Outra conclusão deste item pesquisado, diz respeito à consideração desta


atividade ser muitas vezes desenvolvidas por professores não habilitados, ou
até mesmo de outras áreas não específicas, não possuindo conhecimentos,
habilidades e nem mesmo a experiência necessária para o alcance dos
objetivos de superar as dificuldades de aprendizagem apresentadas pelos
discentes. (VIDO, 2001, p.101,102)

Diante dessa realidade, o professor é compelido a trabalhar com projetos de


recuperação, os quais, muitas vezes, não gostaria de assumir. O professor do projeto de
recuperação possui pouca autonomia no desenvolvimento de sua função, desde a atribuição de
aulas até a prática: não cabe a ele organizar o projeto, que é estruturado pelo coordenador da
escola, também não cabe a ele a escolha dos alunos e trabalha os conteúdos de acordo com as
orientações do professor titular. Na maioria das vezes está alocado em categorias docentes com
condições de trabalho diferenciadas. Vanderléia, Fabiana e Heloisa, eram categoria F, Josiane
e Camila eram categoria O. Essa divisão dos docentes em categorias serve apenas para tonar
mais precárias as condições de trabalho desses profissionais. “Os professores, principalmente
os temporários, são expostos a uma realidade fragmentária na qual muitas vezes o
pertencimento a distintas categorias traz à tona um processo de fragilização do senso de
coletividade docente.” (SILVA,2016, p.72).
Em face dessa situação, se apresentam as exigências ao desenvolvimento desse trabalho:
desenvolver metodologias diversificadas, trabalhar de forma diferenciada daquela de sala de
aula, auxiliar o aluno na obtenção de um resultado satisfatório na avaliação bimestral,
desenvolver habilidades em defasagem e “(...) dissociá-los dos estigmas de fracasso escolar, e
levá-los a enxergar suas próprias possibilidades de aprendizagem. Os alunos precisam saber
que são capazes de aprender, e o professor é quem os auxilia nesta descoberta.” (AMBROSIO,
2015, p.66). Frente a essas necessidades as legislações colocam a necessidade de cursos de
formação e o oferecimento de materiais diferenciados, fornecidos pela Secretaria da Educação.
No período de observação dessa pesquisa, foram quase nulas as capacitações oferecidas
223

especificamente para o trabalho com os projetos de recuperação, gerando uma assimetria de


relação com a contratação de professores não específicos da disciplina de Matemática e
professores em início de carreira. Essa ausência de capacitações denota mais uma forma de
precarização do trabalho docente. Essa temática já foi denunciada por Ambrósio (2015).
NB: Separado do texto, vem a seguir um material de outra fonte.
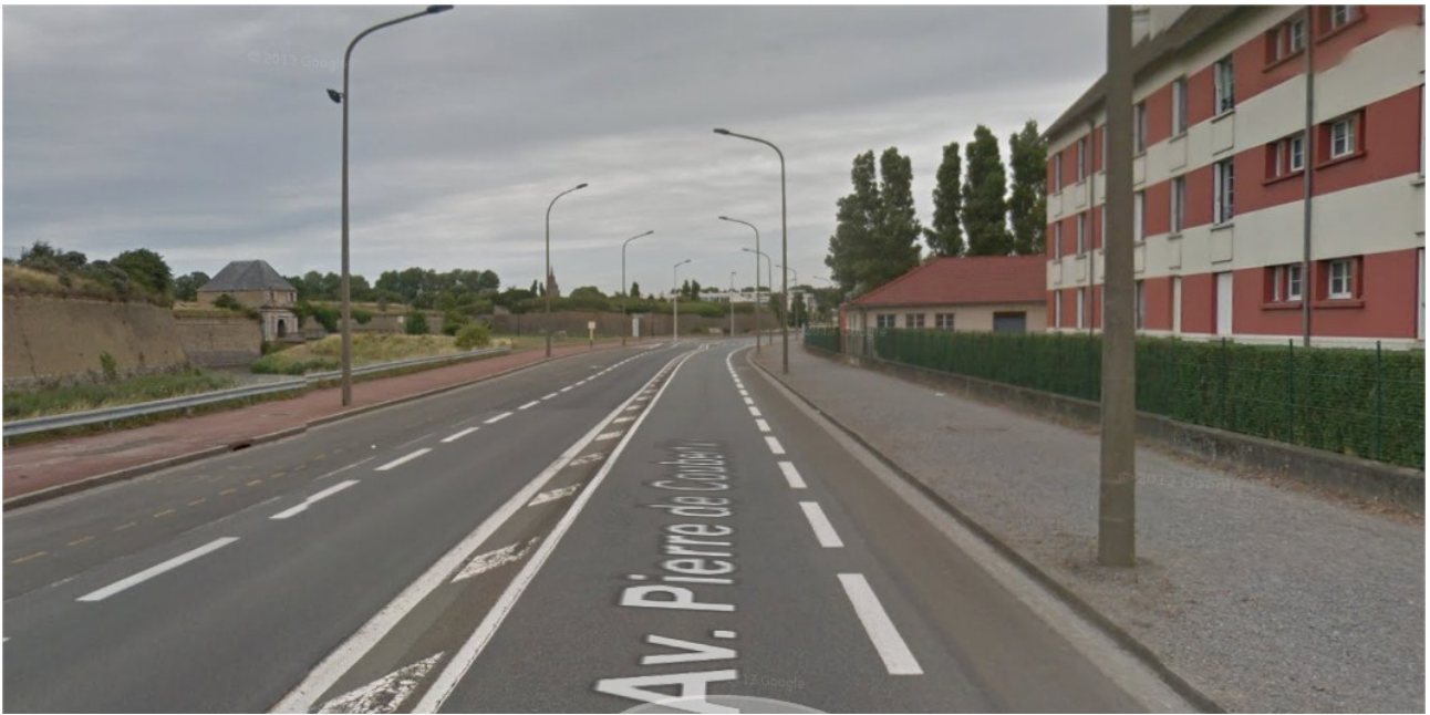
Entrée de la citadelle par l'avenue Pierre de Coubertin

Até o momento, os professores que atuam nas classes de Recuperação


Intensiva não receberam nenhuma formação para desenvolverem o que é
proposto na legislação: “atividades diferenciadas e específicas”. Além disso,
também não receberam um material destinado para tais aulas, o que sugere
que cada professor atue como quiser para a promoção da recuperação dos
alunos(...). (AMBROSIO, 2015, p.30)

Percebemos, em nossa história, que o professor que assume o projeto de recuperação é


temporário, pertencente as categorias que foram mais fragilizadas e estão sujeitos a não
continuidade do projeto, como aconteceu com nossa colaboradora Josiane, ao trabalhar com o
projeto Aventuras Currículo+, suspenso no meio do ano, por motivos desconhecidos a ela.
Além desses enfrentamentos, digamos externos, existem os enfrentamentos existentes dentro
da própria categoria docente, tecidos com os colegas de trabalho. Esse é um resumo da condição
docente efetivada nos projetos de recuperação que conhecemos no período de 2007 a 2016.